Fumitory
(Fumaria officinalis)
Also called: Earth smoke, Horned poppy, Wax dolls.
Description: This herb grows freely in waste
places and often in cornfields. It is a slender, straggling plant with divided
leaves of a bluish-green colour. Many pink flowers in short spikes grow on
a common erect stalk.
Medicinal uses: This herb contains fumaric acid which is so useful
in chronic skin eruptions with scabs, and pimples on the face and also for
freckles. It helps to clear the skin of many troubles.
Culpeper said: 'The juice of Fumitory and docks mingled with vinegar,
and the places gently washed or wet therewith, cures all sorts of scabs, pimples,
blotches, wheals and pushes which rise on the face or hands or any other part
of the body'.
Gerard said: 'It helpeth in the summer time those that are troubled with scabs'.
Part used: The herb.
Directions for use: 1 pint of boiling water should be poured
on to 1 oz. of the herb and when cold and strained a wineglassful should be
taken three times daily, and more often in bad cases.
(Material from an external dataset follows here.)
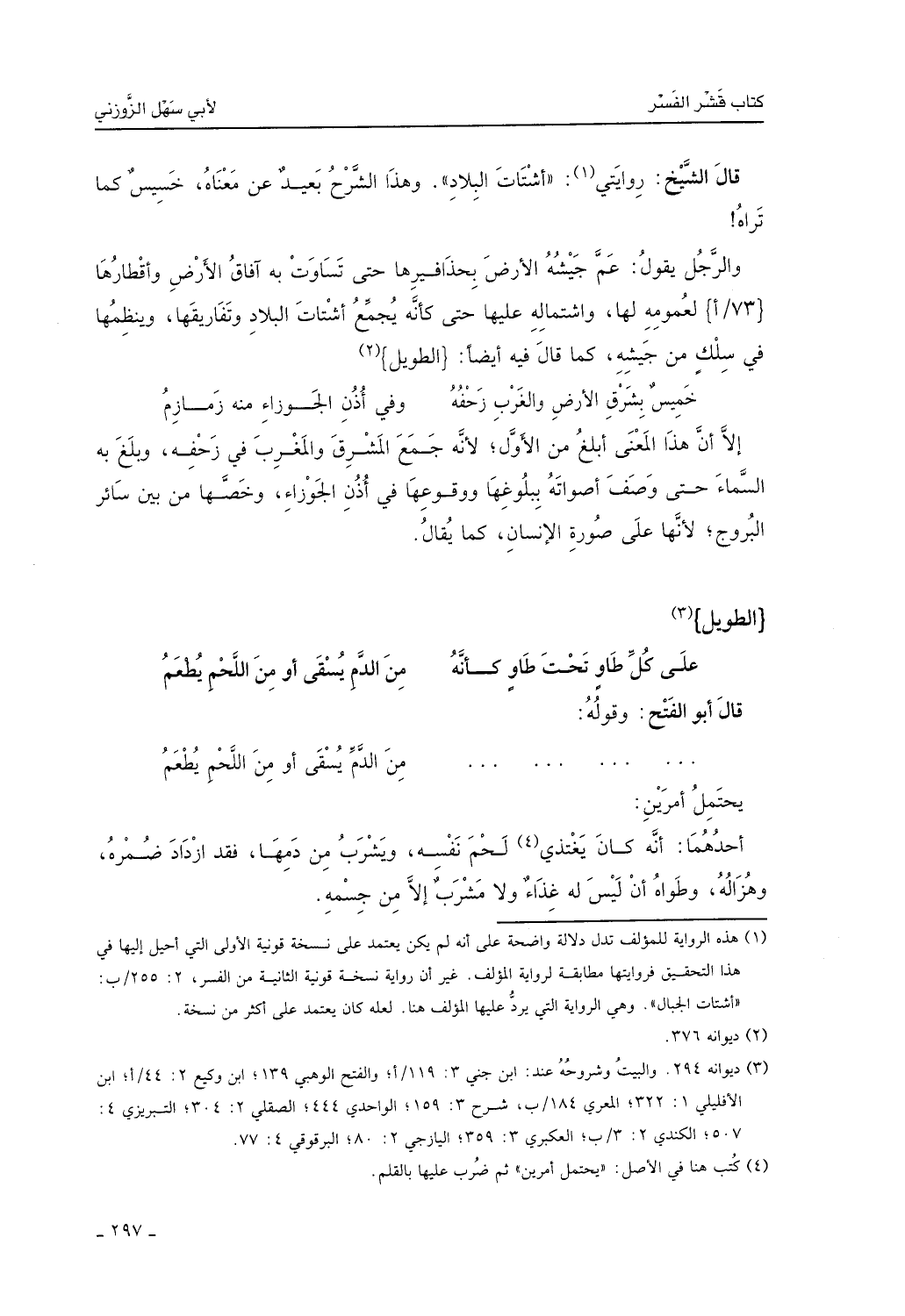 قال الشيخ: روايتي أشتات البلاد، وهذا الشرح بعيد من معناه خسيس كما تراه، والرجل يقول: عمَّ جيشه الأرض بحذافيرها حتى تساوت به آفاق الأرض وأقطارها لعمومه لها واشتماله عليها حتى كأنه يجمع أشتات البلاد وتفاريقها وينظمها في سلك من جيشه كما قال أيضاً فيه:

Fumitory is named from the Latin fumus, earth smoke, which refers either to the appearance of it's lovely foliage or to the belief that it was produced, not from seed, but from vapours rising out of the earth. Pliny said: 'Just as smoke causes the eyes to water so also does fumitory, when applied to them, and hence its name'.
The name 'Wax dolls' is because of the rose-coloured flowers with the little dark purple heads which look very like the wax dolls of old.